Effect of the Numb proteins on the sorting of APP to the recycling pathway. A, the Numb proteins differentially alter the amount of cell surface APP. Immunostaining of cell surface APP with an antibody to the amino-terminal end of APP is shown. In nonpermeabilized cells (without Triton X-100), significantly more APP is detected on the surface of a SPTB-Numb clone compared with a LPTB-Numb clone or a clone transfected with empty vector. B, detection of cell surface APP by biotinylation. Cells were surface-biotinylated, lysed, and incubated with streptavidin-agarose beads. Biotinylated proteins were immunoblotted with antibodies to APP and TfR. C, quantitative data showing the ratio of cell surface APP and TfR in the indicated clones. Values are the mean ± S.D. of at least three independent experiments. ^*, p < 0.01; #, p < 0.05 (ANOVA with Scheffe post hoc tests) relative to vector-transfected cells. D, recycling blockade depletes cell surface APP protein level. The indicated clones were pretreated with monensin for 60 min at 37 °C in Dulbecco's modified Eagle's medium/bovine serum albumin and incubated in Dulbecco's modified Eagle's medium/bovine serum albumin for 60 min afterward. Cells were then surface-biotinylated using a membrane-impermeable cross-linker and immunoprecipitated with streptavidin beads. Precipitates were subjected to SDS-PAGE, and blots were probed with antibodies to APP and TfR. E, quantitative data showing the changes in the ratio of cell surface APP and TfR in the vector-transfected and a SPTB-Numb clone after monesin treatment. Values are plotted as percentage of untreated control (vehicle) and are the mean ± S.D. of at least three independent experiments. ^*, p < 0.05 (Student's t test) relative to vector-transfected cells.

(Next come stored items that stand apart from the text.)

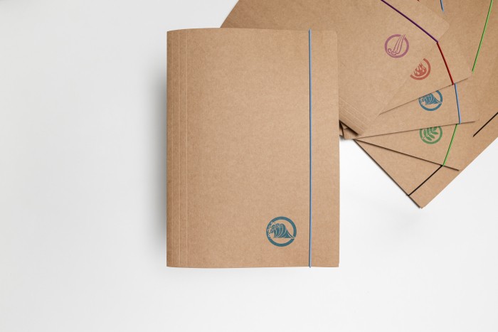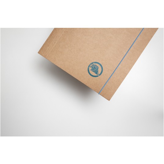 Teczka z gumką wykonana z ekologicznej jasno brązowej tektury typu Kraft podlegającej 100% recyklingowi.
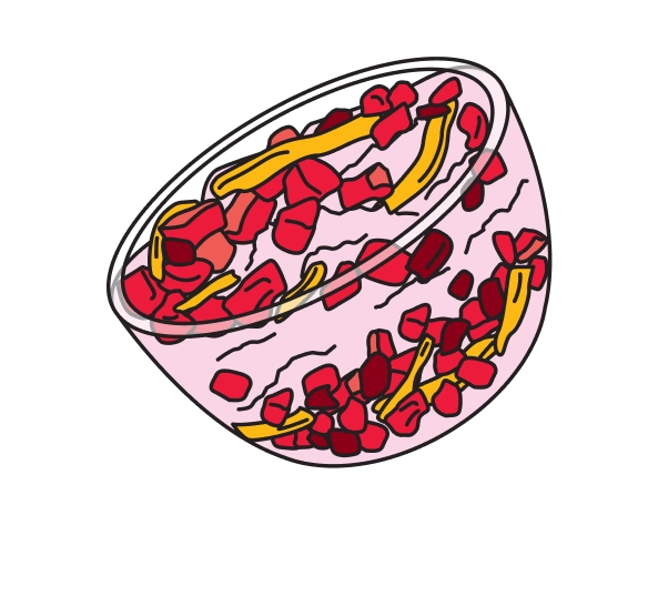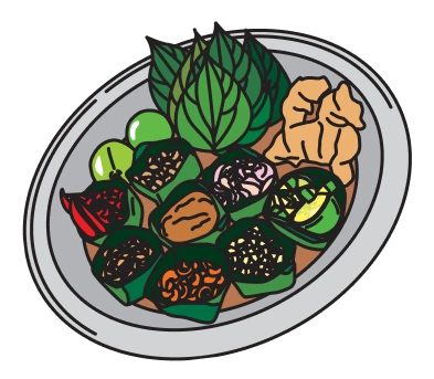 Miang Kham translates to 'many things in one bite', and it shows in how the dish is served: an array of ingredients in leaf-wrapped holders placed in a bamboo basket bowl. These include shallot, ginger, toasted coconut shreds, dried shrimp, lime and bird's eye chilli. To eat, a pick of each ingredient is assembled with the betel leaf rolled into a cone-wrap, and dipped in a sweet, savoury palm sugar dressing. Refreshing, yummy and fun to share! Get our Miang Kham recipe here.
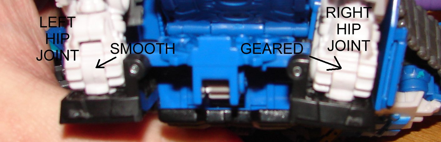 As you can see from the picture, the left hip joint is smooth inside, while the right hip joint is geared. This means that when you move his right leg out to the side (making his feet farther apart) it ratchets. When you make the same motion with the left one, it just moves smoothly. Now, a good question is, which way is correct? I can’t put my hands on my Bludgeon, but my Banzaitron has both legs showing the gear and ratcheting. The reason I’m not 100% sure this is correct, is because of his feet. On this mold, the feet are set at an angle, so he must stand with his feet apart. Problem is, the ratcheting makes it impossible to make the bottoms of his feet parallel with the surface he’s standing on. Either his legs are too close together and he’s standing on the outside edges of his feet, or they are too close together and he’s standing on the inside edges of his feet. Whichever way it’s supposed to be, the two of these I’ve seen are both wrong.
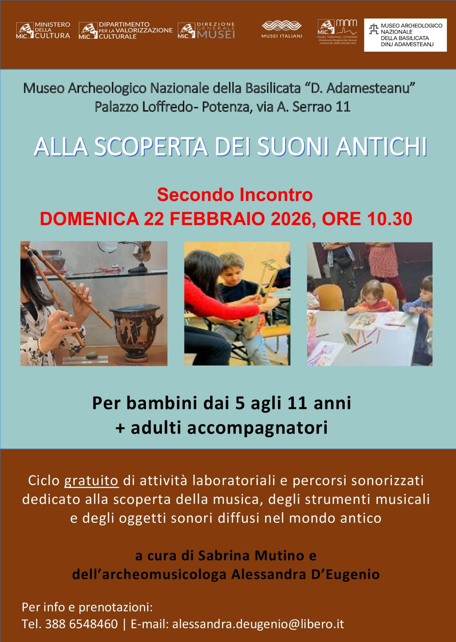 Questo incontro rientra in un ciclo gratuito di attività laboratoriali e percorsi sonorizzati dedicato alla scoperta della musica, degli strumenti musicali e degli oggetti sonori diffusi nel mondo antico.
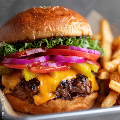 Juicy grilled beef cheeseburger with melted cheddar, red onion, tomato, lettuce, and pickles, served on a brioche bun with french fries. : Generative AI

Effect of the Numb proteins on the levels of small Rab GTPases. A, representative immunoblots showing total amounts of Rab4A, Rab5A, Rab7, Rab11, and LAMP1 in the indicated clones. Each lane was loaded with 50 μg of protein and verified with an antibody to actin. B, densitometric analyses were performed on the immunoblots shown in A. The values in the histogram are the mean ± S.D. of three independent measurements. ^*, p < 0.01; #, p < 0.05 (ANOVA with Scheffe post hoc tests). C, semiquantitative real time PCR analysis of Rab5A mRNA in the indicated PC12 clones. The glyceraldehyde-3-phosphate dehydrogenase signal represents the internal loading control.

Summary diagram showing the effects of the alternatively spliced Numb isoforms on the trafficking and processing of APP.